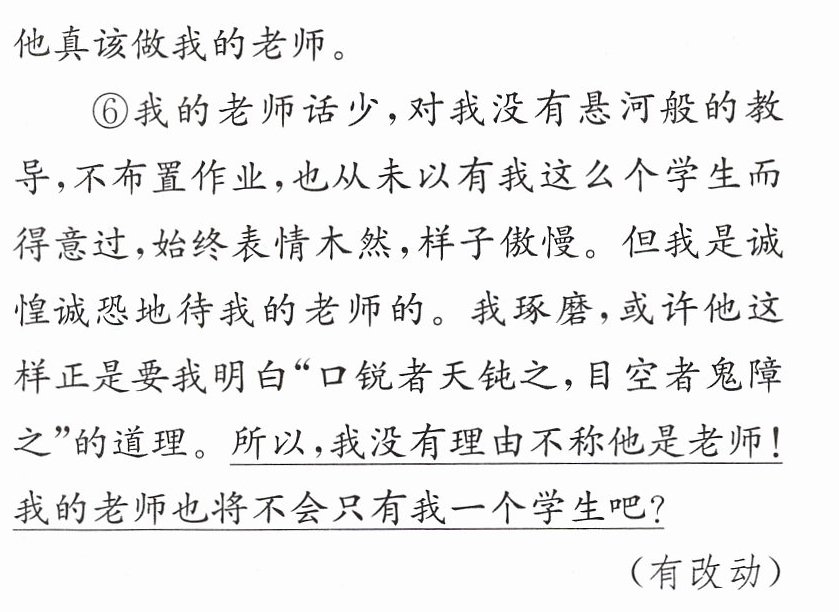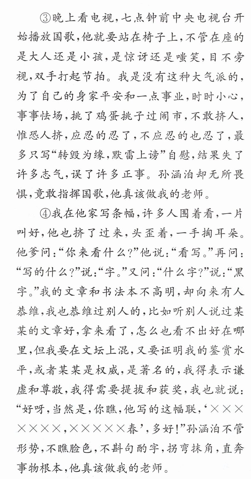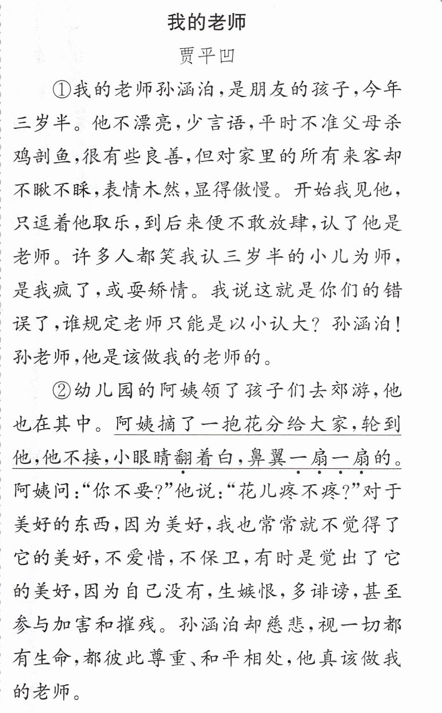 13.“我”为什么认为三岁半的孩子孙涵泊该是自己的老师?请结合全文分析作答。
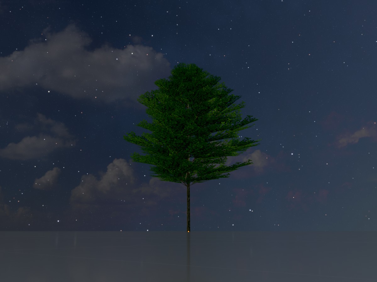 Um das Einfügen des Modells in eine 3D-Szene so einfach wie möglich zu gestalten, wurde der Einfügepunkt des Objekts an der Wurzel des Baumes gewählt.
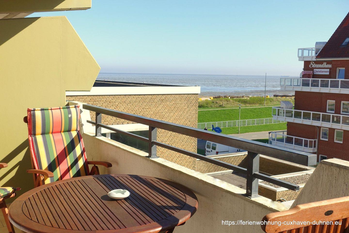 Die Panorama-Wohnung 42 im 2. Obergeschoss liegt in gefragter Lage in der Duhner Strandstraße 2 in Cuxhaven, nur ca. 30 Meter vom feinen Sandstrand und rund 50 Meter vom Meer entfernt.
•••••
Extract, word for word, each line from the one that contains "Um das Einfügen" through the final line of the data above. Leave the pictures out.

 Um das Einfügen des Modells in eine 3D-Szene so einfach wie möglich zu gestalten, wurde der Einfügepunkt des Objekts an der Wurzel des Baumes gewählt.
 Die Panorama-Wohnung 42 im 2. Obergeschoss liegt in gefragter Lage in der Duhner Strandstraße 2 in Cuxhaven, nur ca. 30 Meter vom feinen Sandstrand und rund 50 Meter vom Meer entfernt.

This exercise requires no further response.